What is needed:
In the entries that follow, find the line containing "The Insignia of the Prince and Grand Master" and the line containing "Figure 3: Location map, Geary County, Kansas", then retype exactly the lines from the first through the second, pictures excluded.

========================================================================

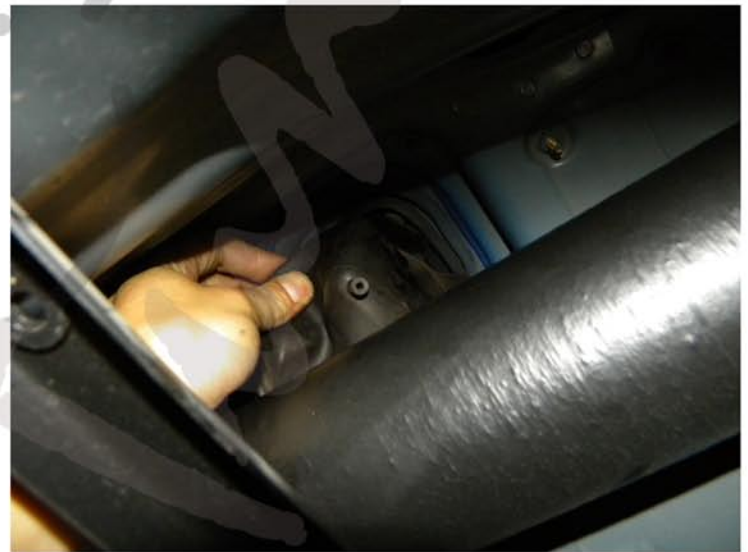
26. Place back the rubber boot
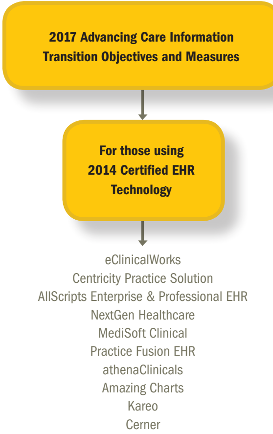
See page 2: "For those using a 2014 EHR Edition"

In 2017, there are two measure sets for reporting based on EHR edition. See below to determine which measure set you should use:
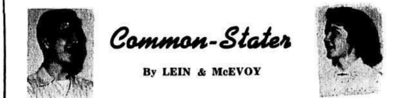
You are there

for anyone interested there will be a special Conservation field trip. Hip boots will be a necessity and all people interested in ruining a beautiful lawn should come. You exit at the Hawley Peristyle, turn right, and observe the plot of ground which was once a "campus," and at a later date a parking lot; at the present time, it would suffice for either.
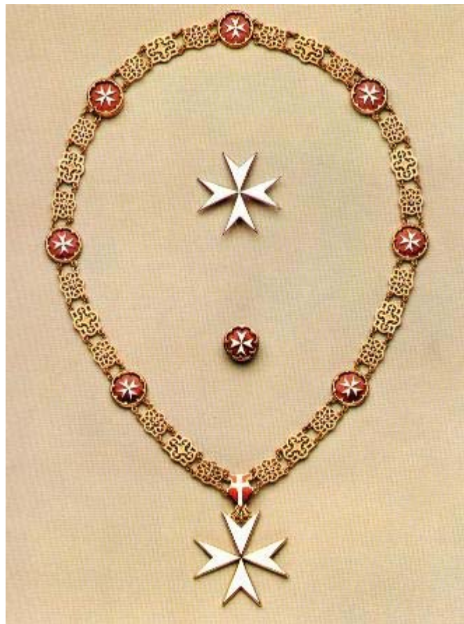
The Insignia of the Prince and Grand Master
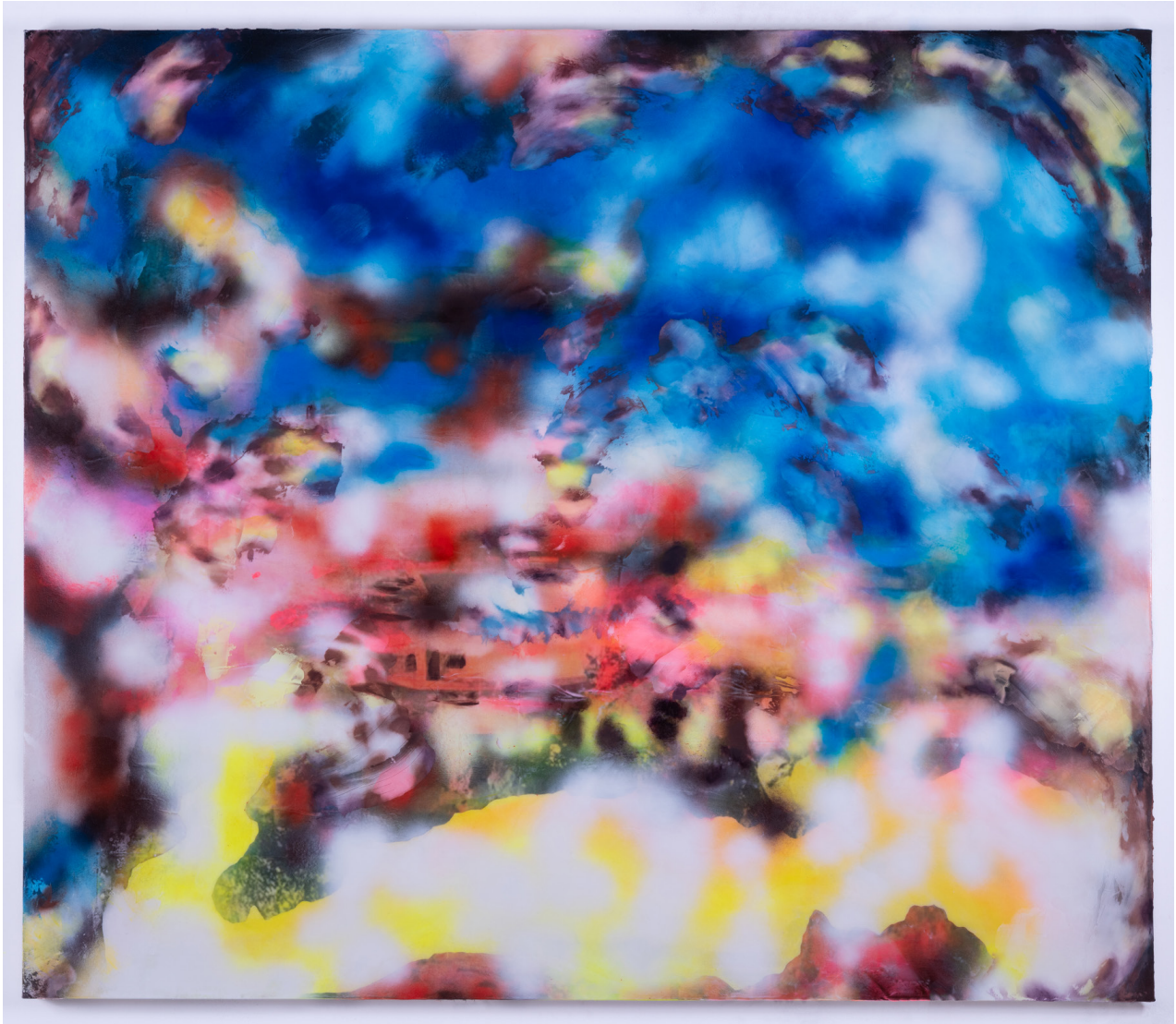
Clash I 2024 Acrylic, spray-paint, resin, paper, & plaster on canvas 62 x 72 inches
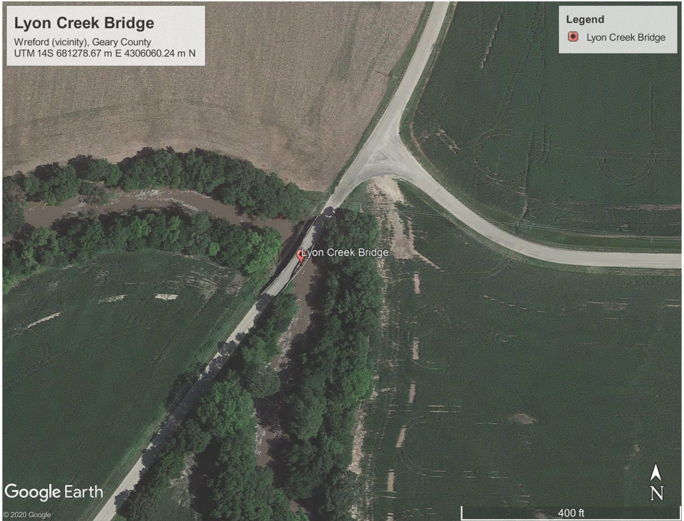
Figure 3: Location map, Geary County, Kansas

========================================================================

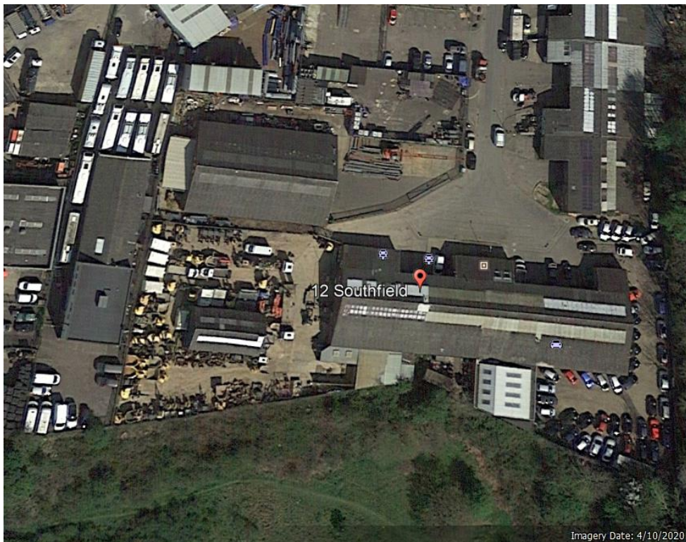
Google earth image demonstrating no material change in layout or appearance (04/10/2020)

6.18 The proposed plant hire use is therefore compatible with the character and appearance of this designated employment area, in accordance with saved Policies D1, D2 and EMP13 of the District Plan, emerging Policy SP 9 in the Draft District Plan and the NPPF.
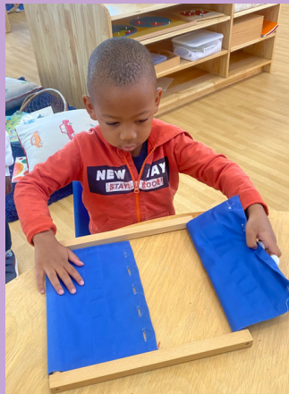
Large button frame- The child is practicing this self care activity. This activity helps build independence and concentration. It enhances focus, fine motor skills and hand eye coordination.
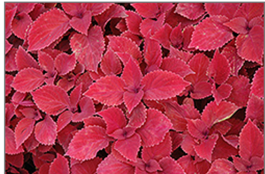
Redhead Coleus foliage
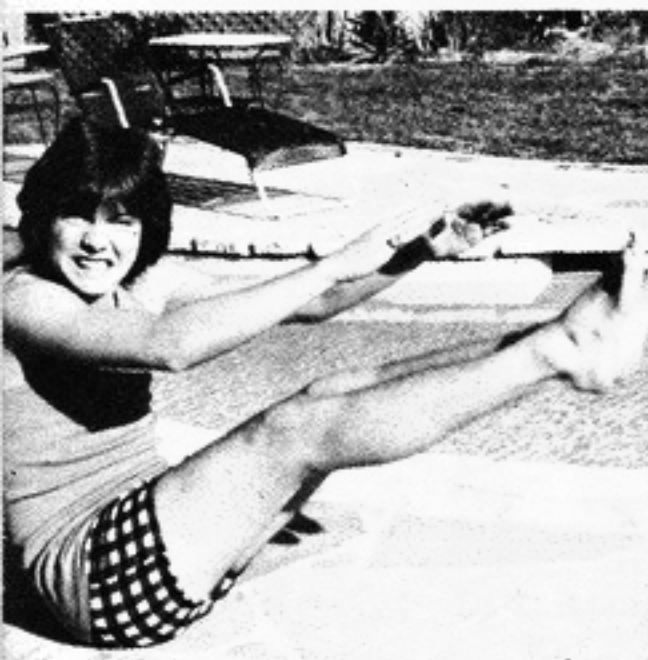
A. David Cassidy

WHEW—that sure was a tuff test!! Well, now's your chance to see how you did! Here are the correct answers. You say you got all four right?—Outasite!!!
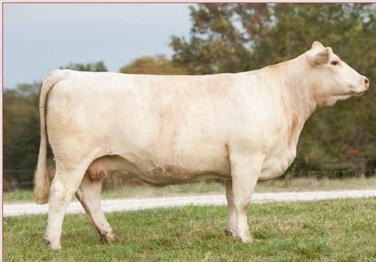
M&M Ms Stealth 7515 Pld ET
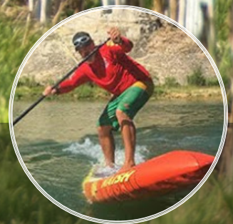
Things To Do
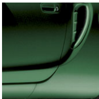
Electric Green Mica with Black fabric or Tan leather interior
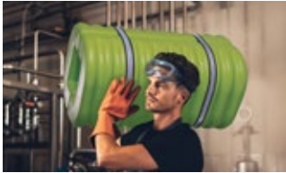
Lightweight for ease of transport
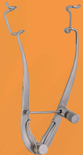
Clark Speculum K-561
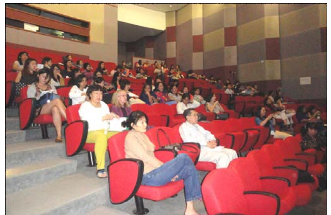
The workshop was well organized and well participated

========================================================================

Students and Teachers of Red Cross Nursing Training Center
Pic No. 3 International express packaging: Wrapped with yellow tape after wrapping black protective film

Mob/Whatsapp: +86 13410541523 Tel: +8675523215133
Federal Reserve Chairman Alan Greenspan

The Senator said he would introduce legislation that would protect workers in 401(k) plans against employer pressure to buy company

========================================================================

Response area:
The Insignia of the Prince and Grand Master
Clash I 2024 Acrylic, spray-paint, resin, paper, & plaster on canvas 62 x 72 inches
Figure 3: Location map, Geary County, Kansas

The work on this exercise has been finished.